Конечно, этот союз с одной стороны казался немыслимым, так как она всё-таки была дочерью Великого царя, ну а он был кто? Он являлся безродным чужеземцем, завербовавшимся наёмником в ассирийскую армию. Однако не следовало забывать, что Шерруа-этеррит очень походила на своего деда, на неистового Синаххериба. То есть, она была не только необузданной и распутной, как и он, но ещё имела и как у него железную волю и твёрдый как кремень характер. И в итоге весь Ниневийский двор впал в ступор, потому что свадьба между Шерруа-этеррит и безродным халдеем всё-таки состоялась.

Ашшурбанапал не стал ей препятствовать, посчитав что великана-халдея полезно привязать накрепко к себе. А после свадебного торжества Шерруа-этеррит словно подменили. Она превратилась в самую примерную жену. Её уже никто не узнавал.

***

Верно говорят, что из распутных и нагулявшихся женщин очень часто выходят образцовые жёны.

Великан Бел-ибни, имевший неимоверную силу, как мужчина полностью удовлетворял Шерруа-этеррит. Ну и разумеется, после того, как Бел-ибни женился на сестре Великого царя, карьера у него тут же пошла в гору. Он уже произведённый в генералы, вскоре получил и должность наместника целой области. Но Урская область, в которую его назначили, находилась на самом краю империи, и только Приморье лежало ещё южнее.

И вот, когда началось восстание сводного брата Ашшурбанапала, Бел-ибни попал в чрезвычайно затруднительное положение… Получилось так, что его со всех сторон окружили восставшие.

Шамаш всяческими способами пытался Бел-ибни переманить на свою сторону, чего он только ему при этом не предлагало, однако великан был непоколебим и категорически отверг все предложения на этот счёт.

***

Ещё хорошо, что Бел-ибни успел Шерруа-этеррит и своего сынишку отослать в Ниневию, и теперь хотя бы они находились в безопасности.

Шерруа-этеррит, после того, как спасла Бел-ибни, заслонив его своим телом от стрел наёмных убийц, подосланных к мужу на охоте, по-прежнему была разбита параличём, но во всяком случае она не потеряла рассудок и была жива. Они постоянно списывались, впрочем, после восстания Шамаша связь Бел-ибни с супругой надолго оборвалась.

***

У Бел-ибни в Урской области имелось пятнадцать тысяч воинов и всё теперь зависело от жителей Ура и Урука. Если они захотят прислушаться к агитации восставших и присоединятся к ним, то положение его будет безвыходным, однако горожане Ура и Урука почти единодушно заявили, что они сохраняют верность Великому царю, и Бел-ибни решил защищать два этих крупных города, в каждом из которых население приближалось к семидесяти-ста тысячам жителей.

Горожане деятельно начали готовиться к обороне, чтобы неизбежное наступление восставших не застало их врасплох. Уже к концу весны к Уруку, а потом и к Уру подступила армия генерала Набунацира, и вавилоняне обложили оба этих города со всех сторон.

Бел-ибни в этот момент оказался в Уруке, и у него там под рукой находилось десять тысяч воинов, а в Уре их было только пять тысяч, ну и, конечно, в обоих городах на стены взошли горожане.

Осада началась в последних числах весны и продолжалась уже несколько месяцев.
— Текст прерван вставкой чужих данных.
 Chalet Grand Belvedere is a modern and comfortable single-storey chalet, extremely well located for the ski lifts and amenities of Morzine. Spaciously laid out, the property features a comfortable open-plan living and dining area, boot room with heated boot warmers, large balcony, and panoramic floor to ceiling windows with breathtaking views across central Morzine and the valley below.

Бел-ибни особенно переживал за менее укреплённый Ур.

***

История этого города уходила в глубочайшую древность. Уже к VII веку до новой эры возраст его исчислялся многими и многими веками.

Первое поселение, возникшее на месте позднейшего Ура, появилось ещё в VIII тысячелетии до новой эры, причём его основали даже не шумеры, а спустившиеся с предгорий Загроского хребта и попытавшиеся освоить неприветливую и заболоченную Южную Месопотамию племена, которые позже получили название субареи.
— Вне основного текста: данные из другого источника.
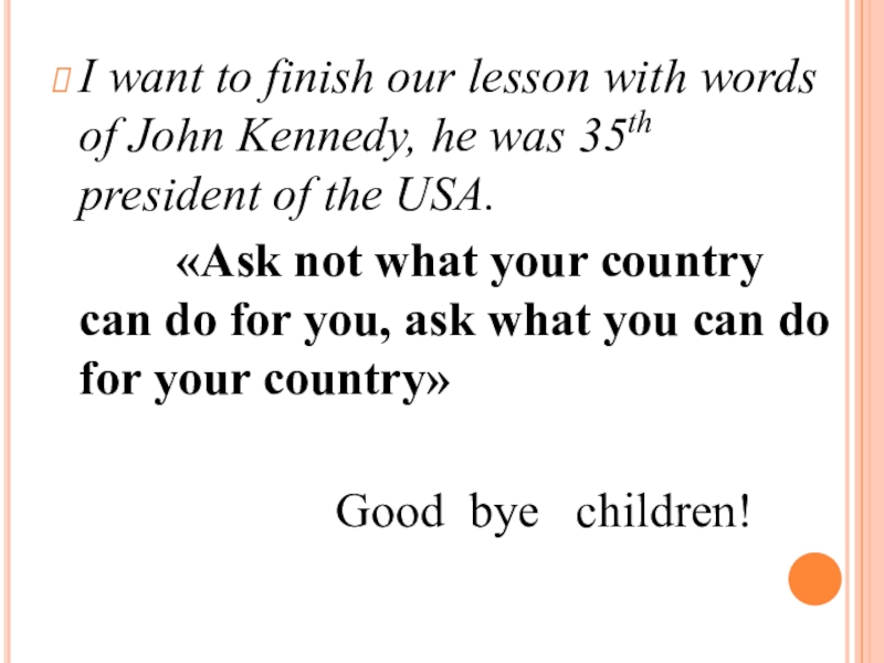 Слайд 16I want to finish our lesson with words of John Kennedy,

Южная Месопотамия тогда была совершенно неудобным для жизни местом. Обширные и труднопроходимые болота, тучи насекомых-кровососов, нездоровый климат, всё это делали её малопривлекательным районом, и её население тогда было крайне скудным.

Племена субареев сюда просачивались постепенно и деревни свои они создавали только на более-менее сухих возвышенностях. А чуть позже они стали основывать и свои первые города.

***

Наверное, вам любопытно будет узнать, кто же такие были субареи?
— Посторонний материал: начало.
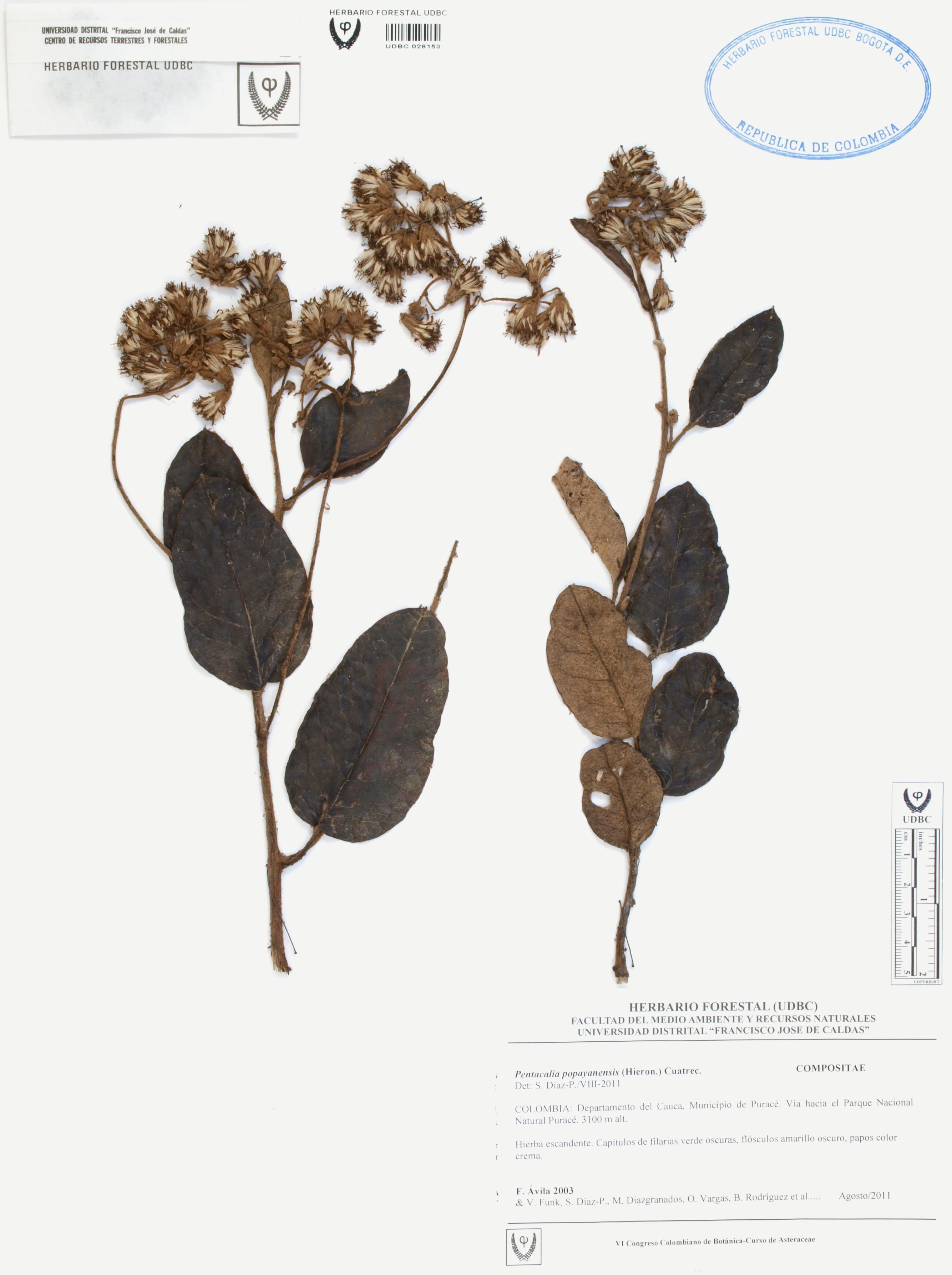 | dc.description | Fotografía del ejemplar Ávila, F. 2003, determinado como Pentacalia popayanensis en el año 2011 | |

На их счёт имеются различные гипотезы.

О субареях узнали довольно-таки поздно. Учёные считают, что они являлись древнейшим населением Ближнего Востока. И они одни из первых перешли к земледелию и стали едва ли не самыми первыми строить постоянные поселения, причём некоторые наиболее важные их поселения даже укреплялись уже стенами и постепенно превращались в некие предтечи городов.

А ещё они едва ли не первыми начали обрабатывать металлы.

В то время не было письменности, не изобрели ещё колеса, и субареи передвигались по Южной Месопотамии только на примитивных плотах или пешим ходом. Но это были уже не первобытные люди. У них даже появились орудия из меди, хотя каменные ещё и преобладали.

***

На месте позднейшего Ура со временем выросла не одна, а несколько субарейских деревушек, состоявших из ста-ста двадцати глинобитных хижин, в которых проживало на круг не больше пятисот человек. Жители этих деревень выращивали ячмень и разводили коз и овец. Как эти деревни назывались уже никому теперь доподлинно не было известно.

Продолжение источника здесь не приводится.